Cent_Eur_Ann_Clin_Res 2020, 2(1), 53; doi:10.35995/ceacr2010053

Endoped Abstract
Short Stature Due to Isolated Growth Hormone Deficiency—Case Report
Mihaela Viorica Popescu
Department of Endocrinology, Rosana Medical Clinic Bucharest, Bucharest 061973, Romania; mihaelaviorica@gmail.com
How to cite: Popescu, M.V. Short Stature Due to Isolated Growth Hormone Deficiency—Case Report. Cent. Eur. Ann. Clin. Res. 2020, 2(1), 53; doi:10.35995/ceacr2010053.
Received: 26 October 2020 / Accepted: 14 November 2020 / Published: 17 November 2020


Short stature is a common cause for addressing the endocrinologist. Growth hormone deficiency is estimated to occur in 1:4000 to 1:10,000 of small stature cases [1]. Identifying and treating these children is of high importance given the psycho-social implication of small stature. I present the case of a male teenager ages 15 years 10 months old who responded well to treatment, achieving the target genetic stature.
auxology; genetic height target; GH deficiency; short stature

Background and Aims

A boy of 15 years and 10 months is taken to the clinic for initial endocrinological evaluation, having a height of 158.5 cm (−2.18 SDS).

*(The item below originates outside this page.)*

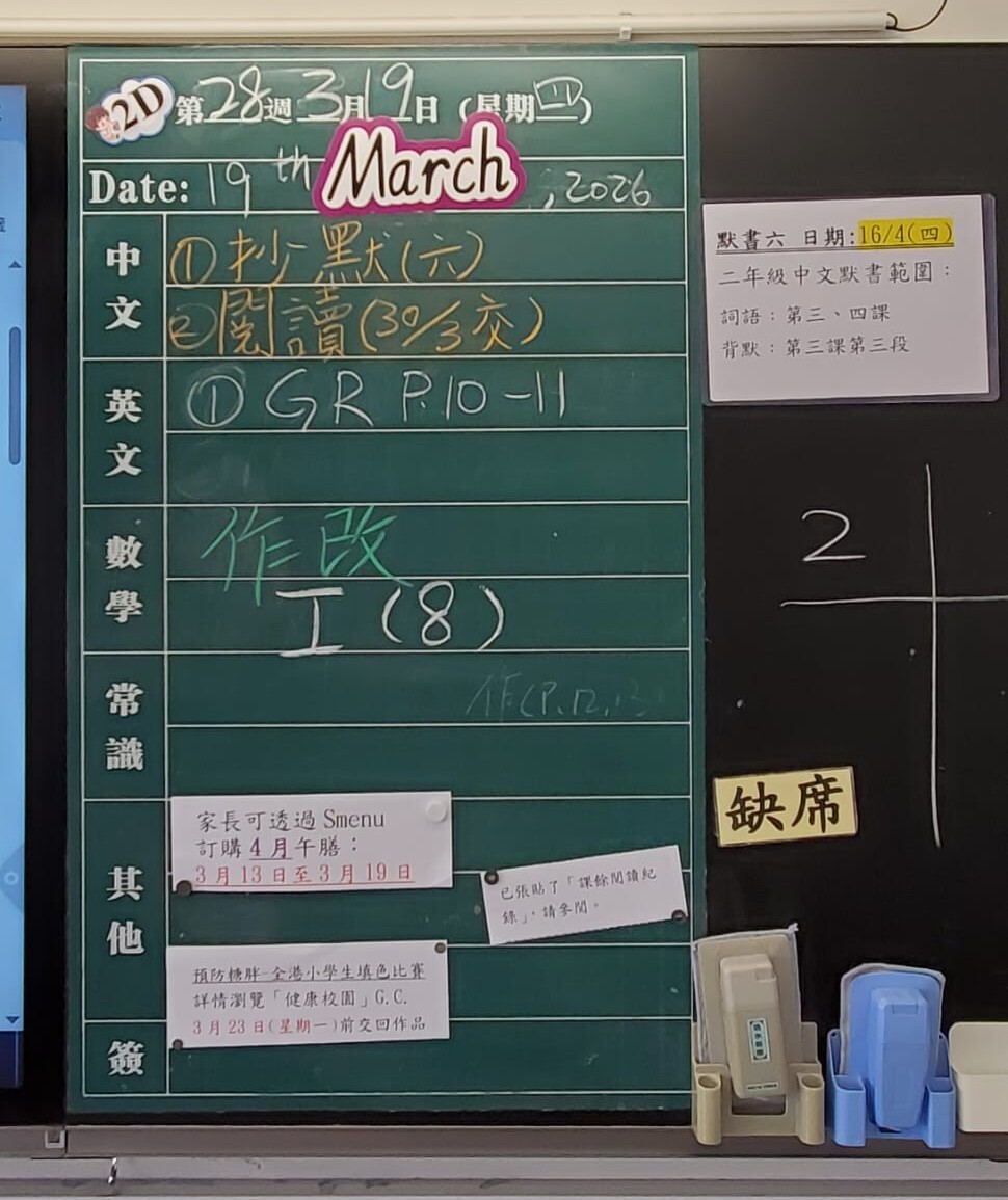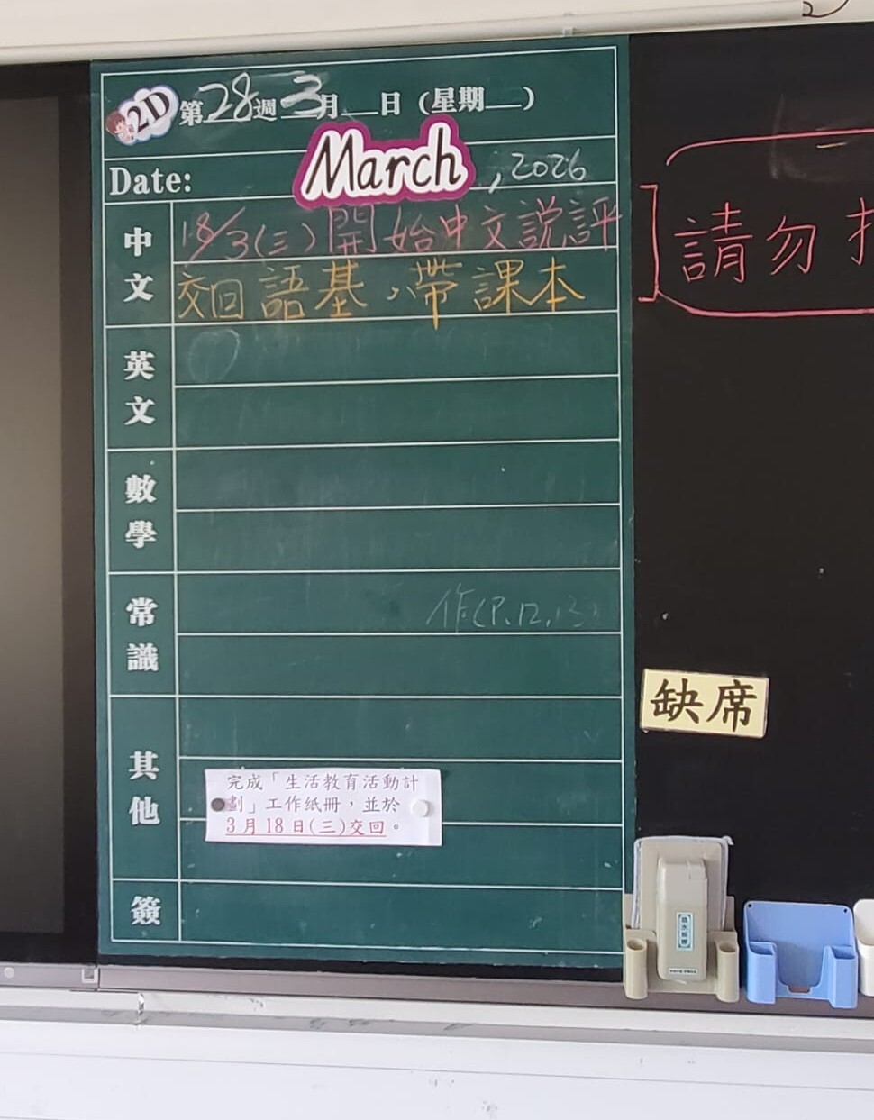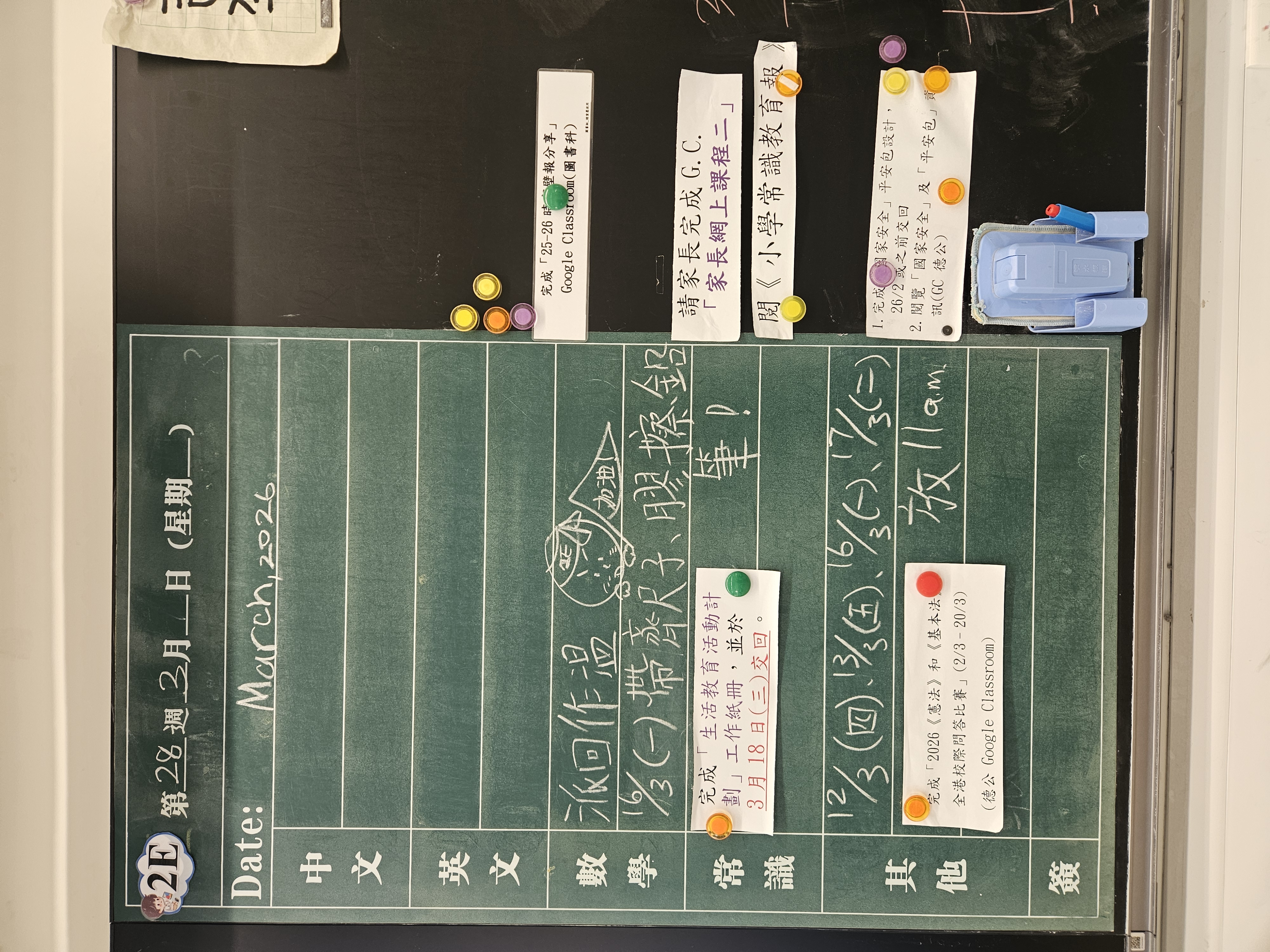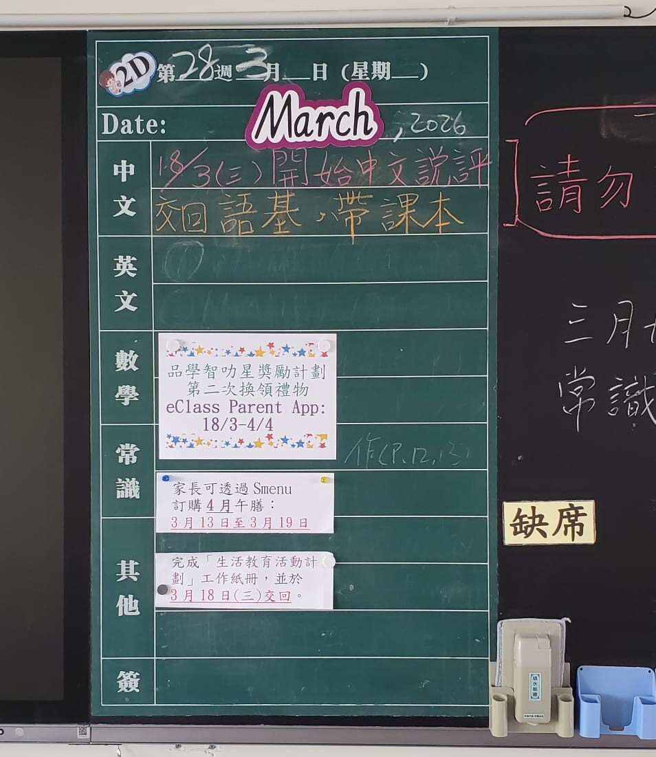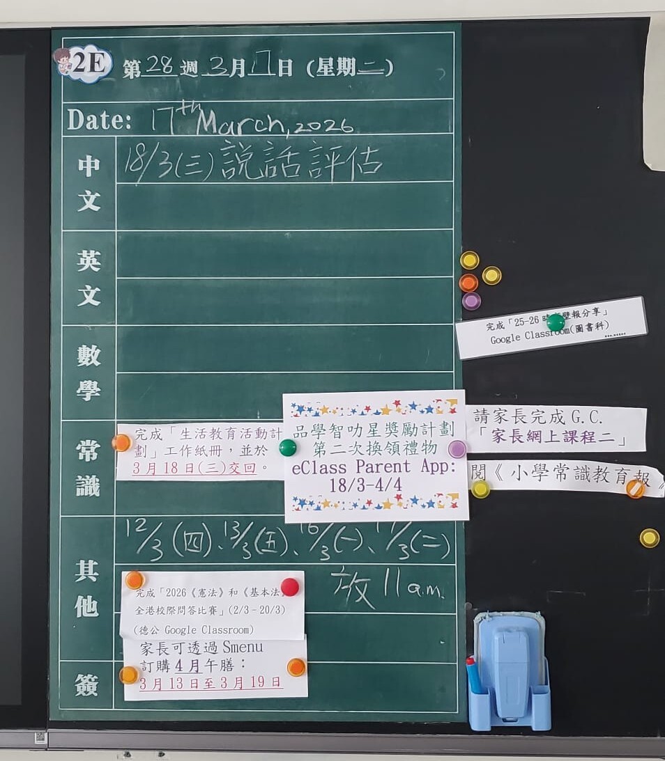 | 2A | 星期一 | 星期二 | 星期三 | 星期四 | 星期五 |

From the history presented by the GP doctor, we note a linear increase of 7 cm in the last 2 years and 1.5 cm in the last year, with a decrease in the growth rate (−1.83 SDS). The genetic target height is 178.5 cm (+0.21 SDS). The difference in relation to the genetic target height is −2.39 SDS. Pubertal development: Tanner G2P2. Bone age at initial evaluation: 13 years and 6 months; 2 years and 4 months late compared to the chronological age. Insulin growth factor 1 (IGF-1) at the lower limit of normal. The functional reserve of the somatotropic axis was evaluated: insulin and clonidine Growth hormonr (GH) stimulation tests—negative (GH peak to Insulin 2U = 0.108 ng/mL and GH peak to clonidine 0.15 mg/m2 = 4.310 ng/mL) [2,3].
Somatropin 0.7 mg/m2 body surface area treatment was initiated in CF2 Clinical Hospital Bucharest so that he could reach the desire height.

Materials and Methods

Growth charts, insulin and clonidine GH stimulation tests, IGF-1 dosing, hand X-ray. The initiation of somatropin treatment was made according to the criteria of the: Romanian therapeutic protocol for Somatropinum in children and in the transition period: height deficit between −2 and −2.5 SD and accentuation of the stature deficit by 0.5 SD per year as well as height deficit between −2 and −2.5 SD and height smaller with 1.6 SD below the genetic target [4,5].

Results and Conclusions

The auxological evolution, bone age and IGF1 values during the treatment are shown in Table 1.
Given that the desired height has been reached, the treatment was stopped at the age of 17 and 4 months. The peculiarity of this case consists in initiating somatropin in older child, with a good response to the low dose of Somatropin and reaching the target height, as illustrated in Figure 1.


This research received no external funding.

Conflicts of Interest

The author declares no conflict of interest.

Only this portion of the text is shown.